- Origin: Vancouver, British Columbia, Canada
- Genres: Futurepop; Synthpop; Gothic rock;
- Years active: 2002–2007
- Label: A Different Drum
- Members: Graham Jackson William Winslow-Hansen

= Droom =

Canadian Electronic Music Duo

Droom were a Canadian electronic music duo formed in 2002 in Vancouver that combined elements of futurepop, synthpop, post punk and gothic rock. The band had two club hit singles and enjoyed success on college radio charts. The musical style has been likened to that of Images in Vogue, Depeche Mode, New Order, and The Cure, and The Province referred to the duo's style on 128 ½ Days as "the darker side of Depeche Mode."

==Biography==
Droom was formed in the summer of 2002 by Graham Jackson and William Winslow-Hansen from the many discussions during Jacksons and Winslow-Hansens tenure in aLUnARED. They immediately began working on tracks for their debut album, 128 ½ days. They enjoyed the success of two club hit singles, "While We Can" and "Stay!", and they quickly gained a growing fan base in the underground music scene.

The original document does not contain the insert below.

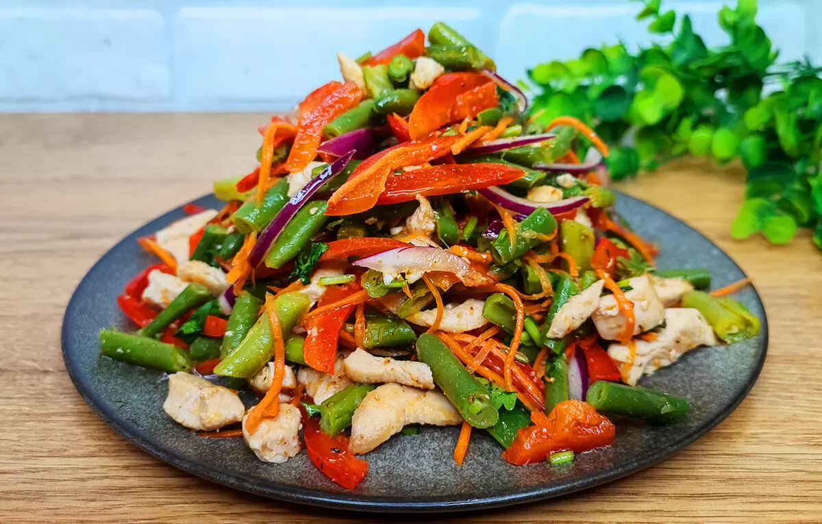 Салат отличается гармоничным сочетанием нежного куриного филе, хрустящих овощей и ароматных специй. Приготовить его сможет даже новичок на кухне, ведь весь процесс не требует особых навыков. За счет простоты рецепта, результат выглядит так, будто на его создание было потрачено гораздо больше времени!
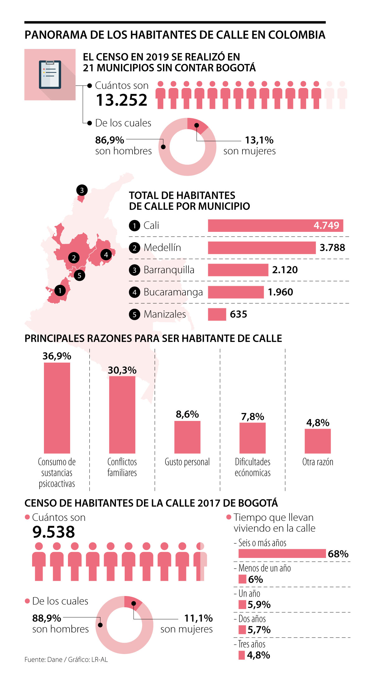 Las ayudas esperan llegar a cerca de 13.252 habitantes de calle en 21 municipios del país, sin contar Bogotá, según el último censo realizado por el Dane. Estas personas se suman a los más de 9.538 ciudadanos en Bogotá en estas condiciones.

The band played a show in San Antonio, Texas as part of a synthpop festival in 2003. The band members continued to spend the majority of their time on writing and recording new material. When 128 ½ days was released, it charted on many online and college radio charts in North America and around the globe. Droom decided to pave its own way in order to bring their music to their fans. When they felt that they had recorded enough material to comprise a 2nd full-length album, Droom formed their own record label to release their subsequent Ten Songs and The Voice of Ghosts albums.

==Discography==
- While We Can EP (2003)
- Stay! EP (2003)
- 128 ½ Days (2003)
- Blood Culture EP (2004)
- Ten Songs (2004)
- The Voice of Ghosts (2006)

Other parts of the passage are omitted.